Exercise brief: Exactly retype the lines below from the one containing "Керамическая кружка окрашенная" through the end of the listing. Leave pictures out.

Information supplied:
──────
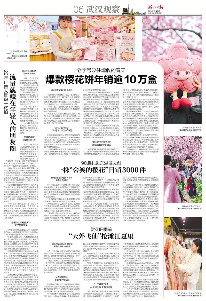樱花季,成为与春节、端午、中秋三大传统节令并驾齐驱的消费新节。“3月份原本是生产淡季,现在却成了我们最忙碌的旺季之一。”这种由文旅消费带来的“反季节”增长,为企业开辟了全新的增长曲线。
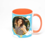 Керамическая кружка окрашенная синим внутри с синей ручкой с добавлением изображения в онлайн-редакторе макета.
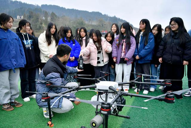 ↑3月2日,在宣恩县中等职业技术学校,学生学习无人机基本操作与维护。
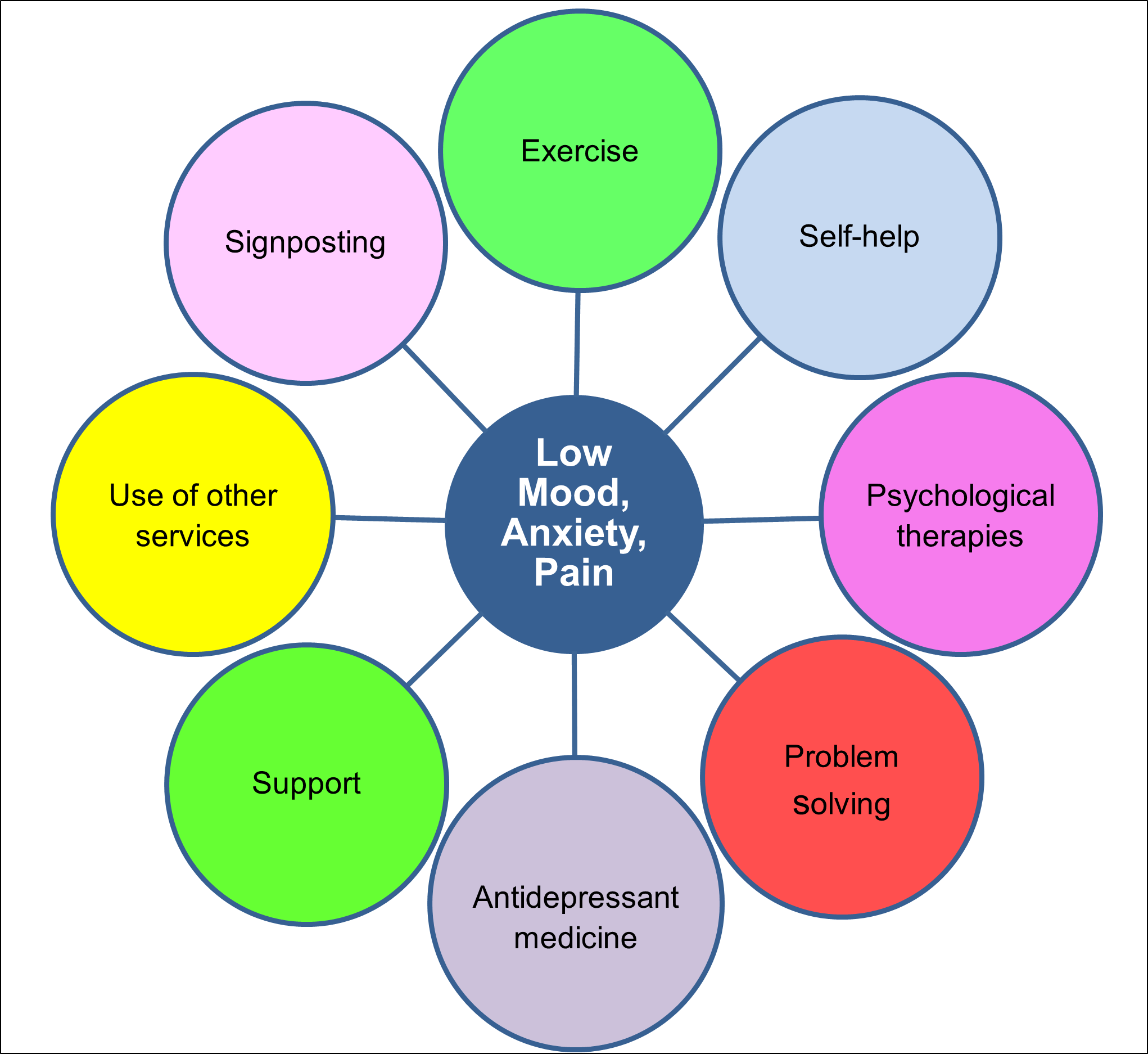 While a range of activities may help with common mental health problems and pain management, these will vary with individuals’ preferences, capabilities, and locality. Some of the following may be appropriate and should be considered and discussed before initiating an antidepressant, as well as when continuing an antidepressant for more severe illness. Where appropriate and available, a Community Link Worker may be able to support and enable individuals to access or develop some of the options below.
──────
Exercise result:
 Керамическая кружка окрашенная синим внутри с синей ручкой с добавлением изображения в онлайн-редакторе макета.
 ↑3月2日,在宣恩县中等职业技术学校,学生学习无人机基本操作与维护。
 While a range of activities may help with common mental health problems and pain management, these will vary with individuals’ preferences, capabilities, and locality. Some of the following may be appropriate and should be considered and discussed before initiating an antidepressant, as well as when continuing an antidepressant for more severe illness. Where appropriate and available, a Community Link Worker may be able to support and enable individuals to access or develop some of the options below.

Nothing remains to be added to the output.